The HolyC Project
Fine-tuning TinyLlama-1.1B on the sacred language of TempleOS
Terry A. Davis spent 12 years building TempleOS — a 640×480 PC operating system he wrote alone, in a custom language he called HolyC. This project preserves that work in a different form: matching his video explanations with 120,933 lines of source code to train a language model that understands the unique syntax, idioms, and JIT directives of the only OS written for God.
Artifacts
Two datasets and one fine-tuned model, all open on Hugging Face.
120,933 lines of TempleOS source code paired with mock assistant conversations in ChatML format. Built by matching ~103 Terry Davis technical explanation videos with their corresponding source modules.
First-layer explanations of HolyC code with train and validation splits. Focused on code understanding and generation tasks — teaching models what HolyC code means, not just what it looks like.
Fine-tuned TinyLlama-1.1B-Chat-v1.0 adapted for the HolyC task. Trained for 1,915 steps with a cosine LR schedule. Achieved best loss of 0.4445 and peak token accuracy of 88.50% at step 530.
What is HolyC?
A C-like language with JIT compilation built into the OS kernel, written entirely by Terry Davis.
// HolyC — the language of TempleOS
U0 Hello()
{
"Hello, God!\n";
}
I64 Factorial(I64 n)
{
if (n <= 1) return 1;
return n * Factorial(n - 1);
}
// JIT compilation directive
#help_index "Math/Factorial"
// DolDoc inline graphics
"$FG,CYAN$TempleOS$FG$\n";
- U0 — void return type. No pointer, no header, no extern — just the name.
- I64 — 64-bit signed integer, the primary numeric type.
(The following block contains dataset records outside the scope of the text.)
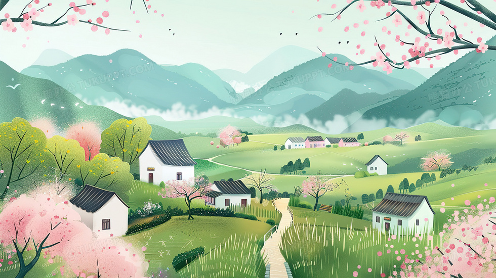 本作品内容为春天乡村田野自然风景插画, 格式为 jpg, 大小4 MB, 图片尺寸为2912 x 1632, 源文件无水印, 欢迎使用熊猫办公。 如认为平台内容涉嫌侵权,可通过邮件:tousu@tukuppt.com提出书面通知,我们将及时处理。
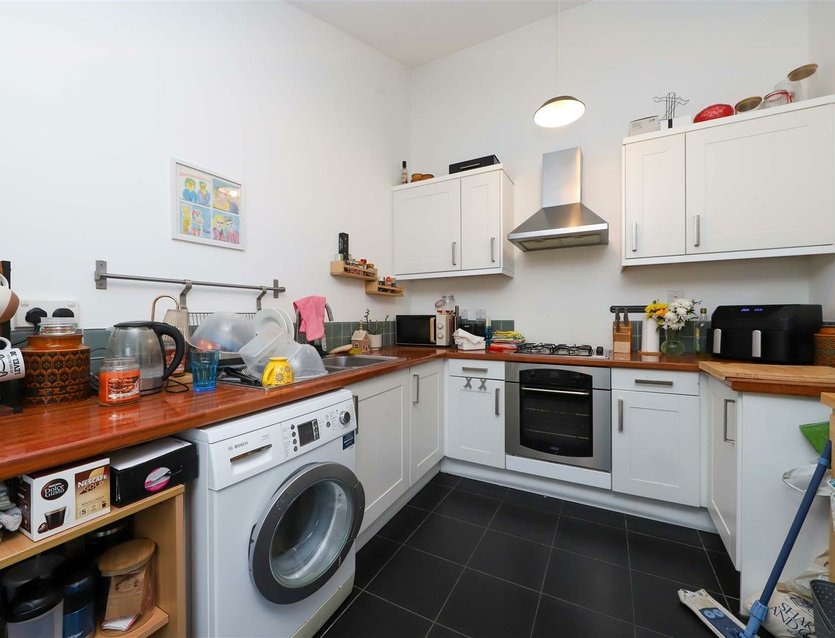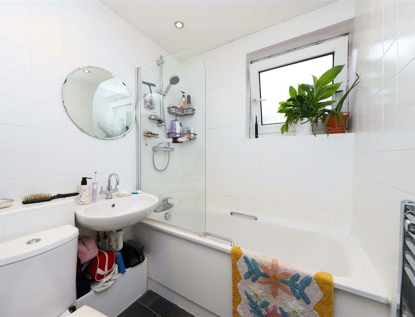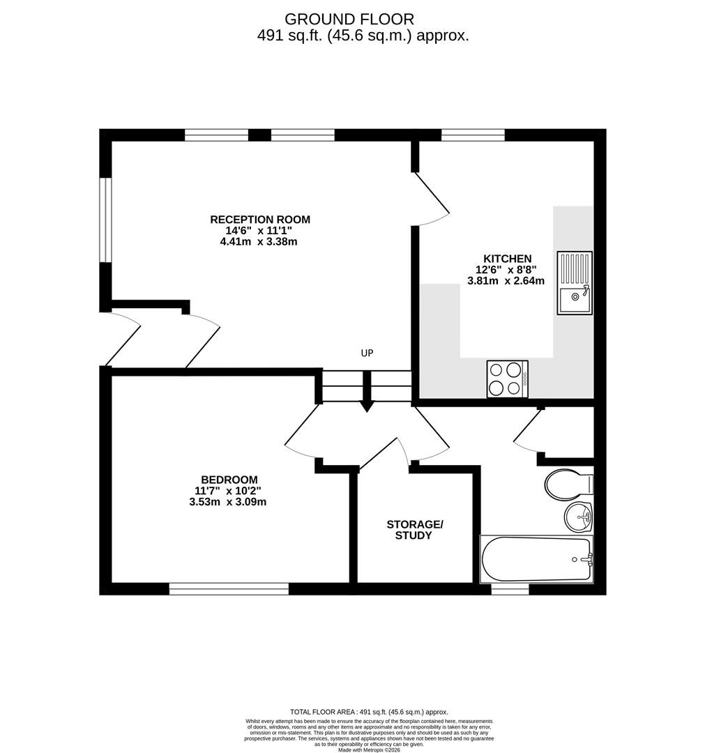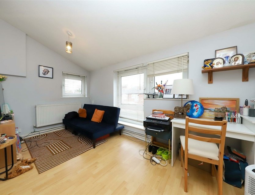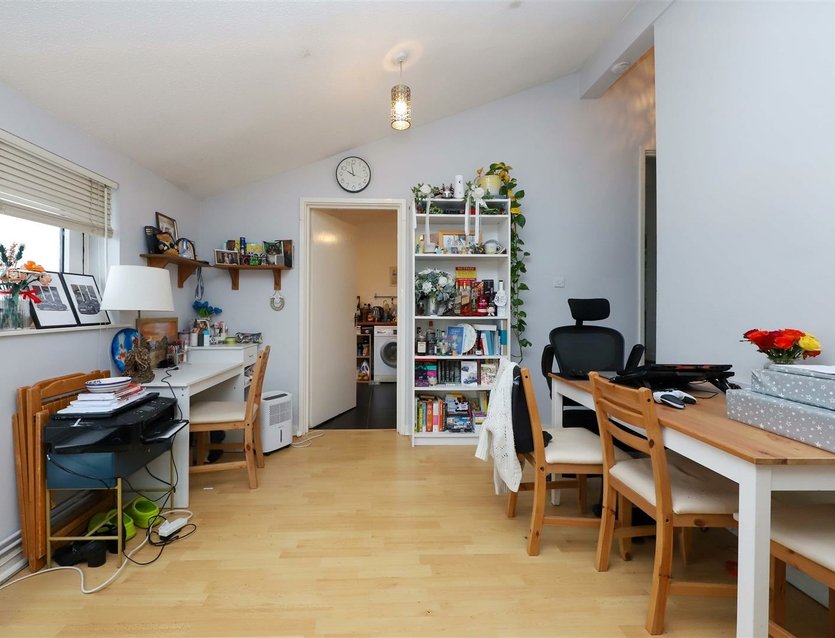 The property comprises 491 sq ft of well-arranged first floor accommodation. To the front, a bright reception room offers comfortable living space with good natural light. The kitchen to the rear provides space for large worktop surfaces and appliances. The property also includes a double bedroom, a versatile storage or study room suitable for home working, and a bathroom fitted with a bath with shower attachment, wash basin and WC.
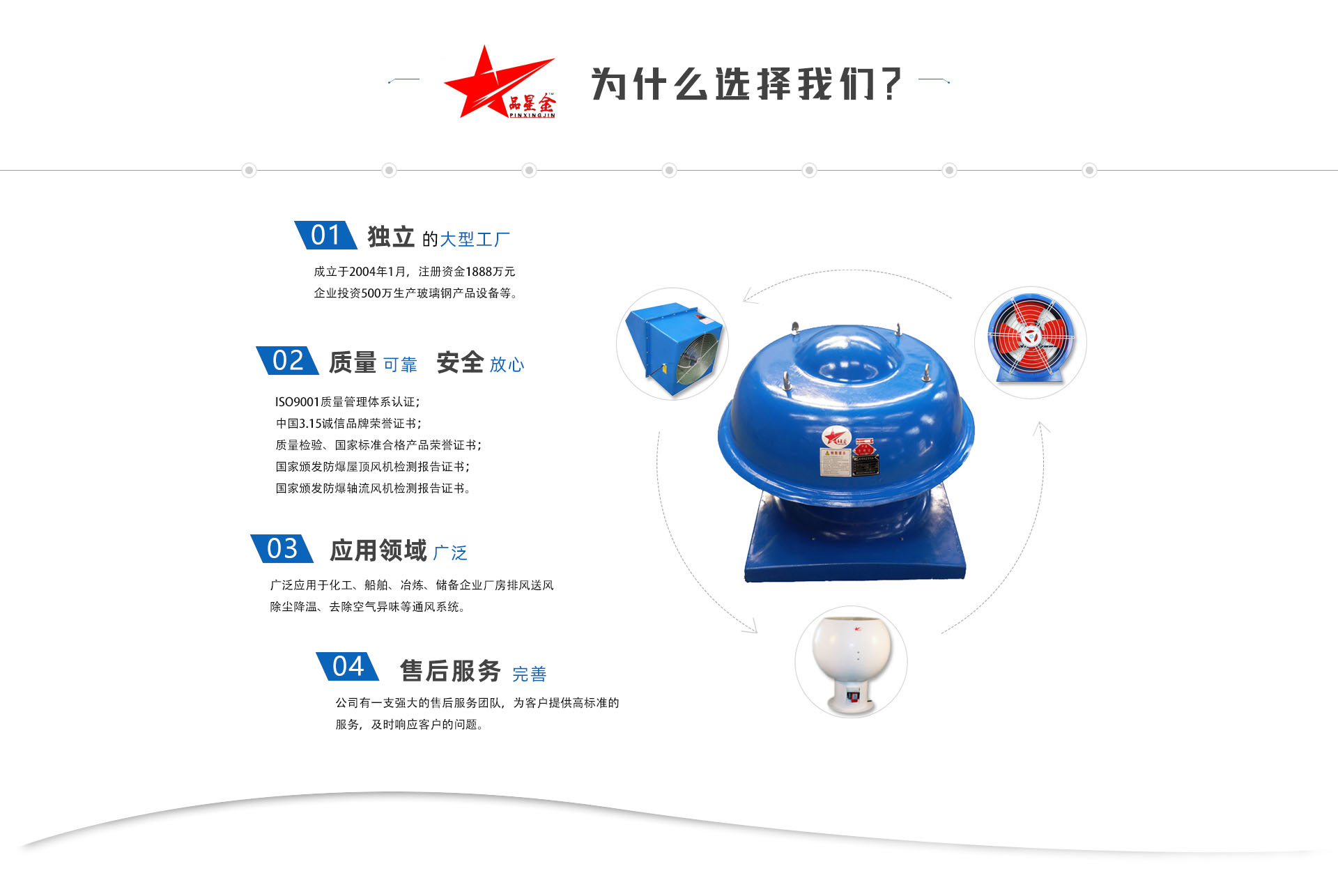 公司生產(chǎn)屋頂風(fēng)機(jī)、玻璃鋼防爆屋頂風(fēng)機(jī)、玻璃鋼防爆軸流風(fēng)機(jī)、玻璃鋼防爆邊墻風(fēng)機(jī)、防爆軸流風(fēng)機(jī)、玻璃鋼斜流風(fēng)機(jī) 、玻璃鋼離心風(fēng)機(jī) 、玻璃鋼防雷防爆電動(dòng)風(fēng)帽 、玻璃排氣扇 、玻璃鋼通風(fēng)器 、玻璃鋼防雨風(fēng)機(jī)帽 、玻璃鋼冷卻塔、新風(fēng)機(jī)組、風(fēng)機(jī)盤(pán)管、風(fēng)量調(diào)節(jié)閥、鋁合金風(fēng)口 、各種材質(zhì)通風(fēng)管道、等產(chǎn)品。
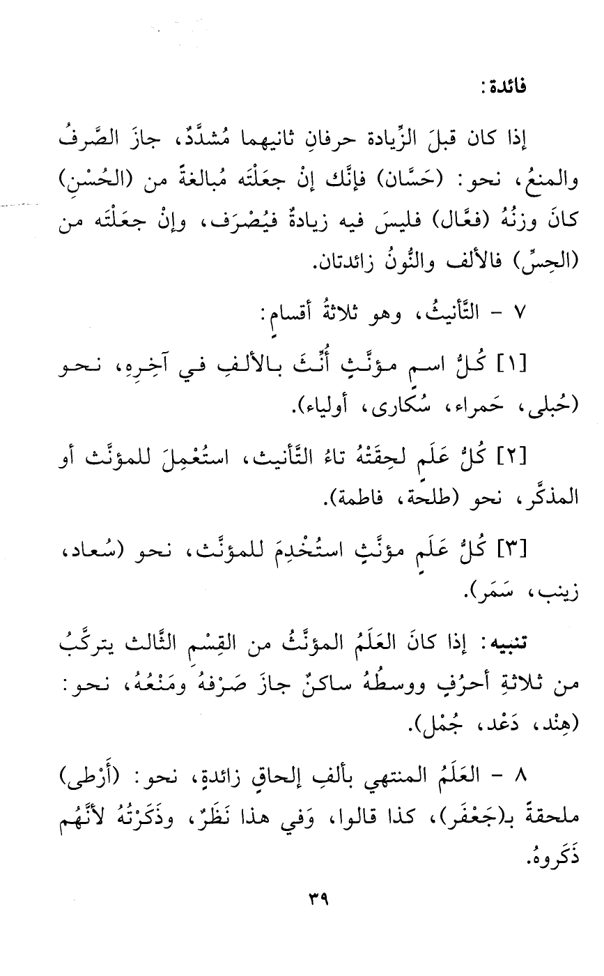 [2] كُلُّ عَلَمٍ لحِقَتْهُ تاءُ التأنيث، استُعْمِلَ للمؤنَّث أو المذكَّر، نحو (طلحة، فاطمة).

Also U8, I8, U16, F64…
- Unparenthesized calls — function calls don't always need parens when there are no arguments.
- JIT compilation — code is compiled to x86-64 machine code at runtime by the OS itself.
- #help_index — inline documentation directives baked directly into the JIT compiler.
- DolDoc syntax — a markup language embedded in strings for colored terminal output, sprites, and links.
- No OS calls — HolyC is the OS. Ring 0 only. No privilege separation.
Data Pipeline
From Terry's video explanations and TempleOS source code to a fine-tuned model.
Training Metrics
Logged from step 10 through step 560 (epoch 1.46 of 1,915 total steps).
Training Details
Configuration and learning dynamics for the fine-tuning run.
| Parameter | Value |
|---|---|
| Base model | TinyLlama/TinyLlama-1.1B-Chat-v1.0 |
| Total training steps | 1,915 |
| Logged steps | 560 (epoch 1.46) |
| LR schedule | Warmup → cosine decay |
| Peak learning rate | ~0.0002 (step 60) |
| Warmup steps | ~60 |
| Best checkpoint | step 530 (epoch 1.38) |
| Loss at best checkpoint | 0.4445 |
| Accuracy at best checkpoint | 88.50% |
| License | MIT |
Learning Rate Dynamics
The cosine warmup strategy is deliberate: an aggressive warm-up phase (steps 0–60) allows the model to escape poor local minima quickly, driving the peak LR to ~0.0002. The subsequent cosine decay enables fine-grained weight adjustments as the model converges. The largest gradient norm spikes appeared around epoch 0.1 — the model recovered from each without instability, a sign of a well-configured run. Peak loss improvement and peak accuracy both converged to exactly step 530, confirming clean generalization rather than memorization.
Dataset Construction
How the training data was assembled from primary sources.
Source Material
- ~103 Terry Davis technical explanation videos — transcribed and aligned to source modules
- 120,933 lines of TempleOS source code across all subsystems
- Matching was done by linking video topics to corresponding HolyC modules
Schema
- text — raw HolyC source code block
- formatted.messages — ChatML conversation with system prompt, user turn, and assistant (code) response
- System prompt: "You are Terry Davis, the creator of TempleOS. Write HolyC code in your unique style."
Future Work
Keystroke-level revision modeling. The next planned dataset extracts revision history from the archived templos.org and Sheikh's Place HTML archives — capturing the process of writing HolyC, not just the final output. Rather than training on completed code, future models could learn to write the way Terry wrote: incrementally, iteratively, and with intent.